The ABO determining variants are on the 1240k capture array that has been used to genotype many samples, so I was able to look them up in a sample of around ~500 ancient individuals (the same individuals used here). I looked up present-day allele frequencies in gnomAD. It’s harder to genotype the RHD deletion from capture data so I used a smaller dataset of around ~200 individuals with published shotgun data to genotype this deletion. I couldn’t find it in gnomAD so I used allele frequencies from 1000 Genomes.

it tuns out that the O allele is at high frequency in hunter-gatherers, but relatively rare on the Steppe. The B allele seems to be absent in both hunter-gatherers and early farmers, and seems to be introduced from the steppe in the Bronze Age. The Rh- allele seems to be relatively common in hunter-gatherers and, particularly, in steppe populations, and relatively rare in early farmers, partly confirming Haldane and Cavalli-Sforza’s hypotheses. Allele frequency estimates are in the figures below (bars show 95% binomial confidence intervals).

Allele frequency results

If we compute expected phenotypic frequencies, this suggests that around around 65% of Mesolithic hunter-gatherers would have been type O, compared to around 40% in present-day Europeans, and around 40% of Steppe-ancestry individuals would have been Rh-, compared to around 24% of hunter-gatherers, 4% of early farmers, and about 16% of present-day Europeans.

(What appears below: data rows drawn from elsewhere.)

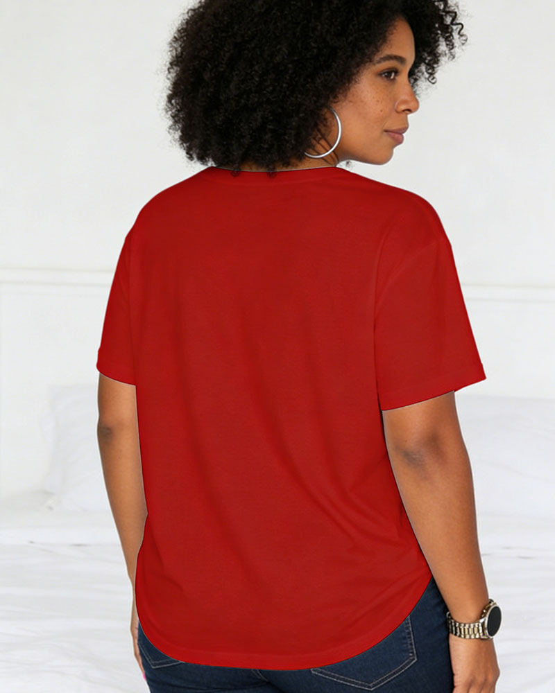 Pattern Printed Short-sleeved T-shirt (pure Cotton)/neck Slanted Top/V-neck Ruffled Top
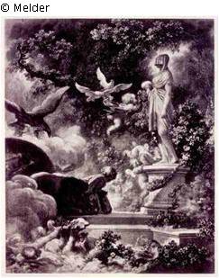 Die erwachende Venus in einer Landschaft. Allegorisch Wasser, Erde, Feuer und Luft.
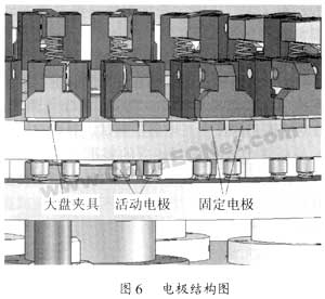 (1)高压测试上采用活动电极和固定电极相配合的独特测试结构,铜电极压紧测试,与传统的链条滑动方式相比较,避免了高压拉弧的不足,满足高压测试的要求,图6是电极结构图。
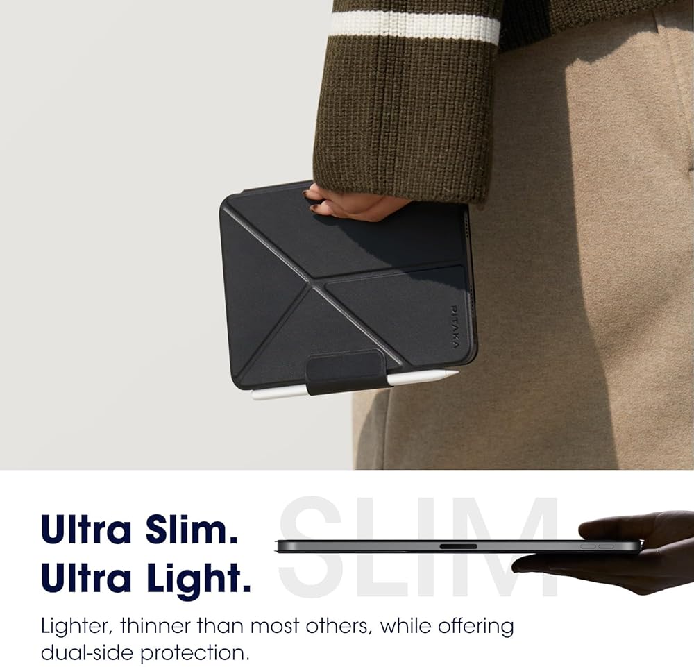[Magnetic Design & Built-in Pencil Holder] The Powerful magnets hold your tablet firmly. Use the magnetic clasp to secure your Apple Pencil. Or fold and hide it when not used. You may attach and charge your Apple Pencil 2 as usual
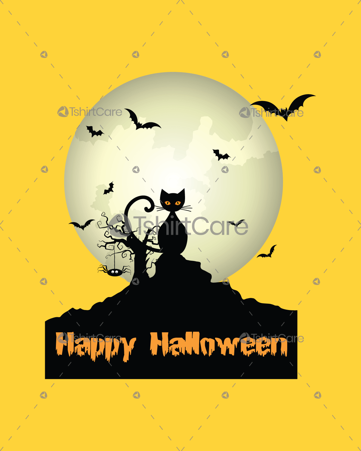 Happy Halloween Witchy Black Cat T Shirt Design Horror Cat Tee Shirts For Adult Menandwomen
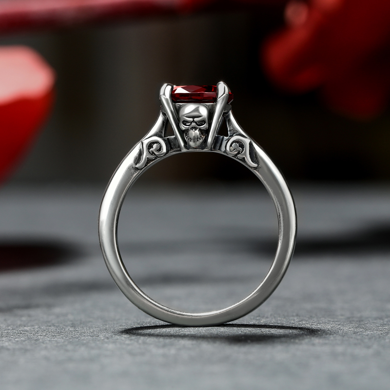 Jeulia Skull Design Round Cut Sterling Silver Ring

Phenotype frequency results

Broadly speaking, the present-day frequencies are consistent with genome-wide ancestry, in the sense that they are just a mixture of the ancient populations (roughly equal to the Bronze Age). The Rh- frequency in present-day Europe is a bit lower than in the Bronze Age, which might be evidence for selection against the allele, but might also just be because there’s a bit less Steppe ancestry in 1000 Genomes than in the samples Bronze Age populations. This doesn’t really explain the Basque frequency though. The Basque population doesn’t particularly have a lot of hunter-gatherer or Steppe ancestry. But perhaps there is substructure in Rh- frequencies within the Basque population, or within the hunter-gatherer populations. Finally, we’ve explained the present-day frequency in terms of mixtures of ancestral populations, but really we have just pushed the question back ten thousand years. Why was the Rh- frequency so high in hunter-gatherer and Steppe populations? Clearly there has to be some selective advantage to this allele at some point, otherwise it would just have been removed everywhere. Perhaps in these populations that selective advantage was stronger. Or perhaps they were just sufficiently small that it was able to drift to high frequency.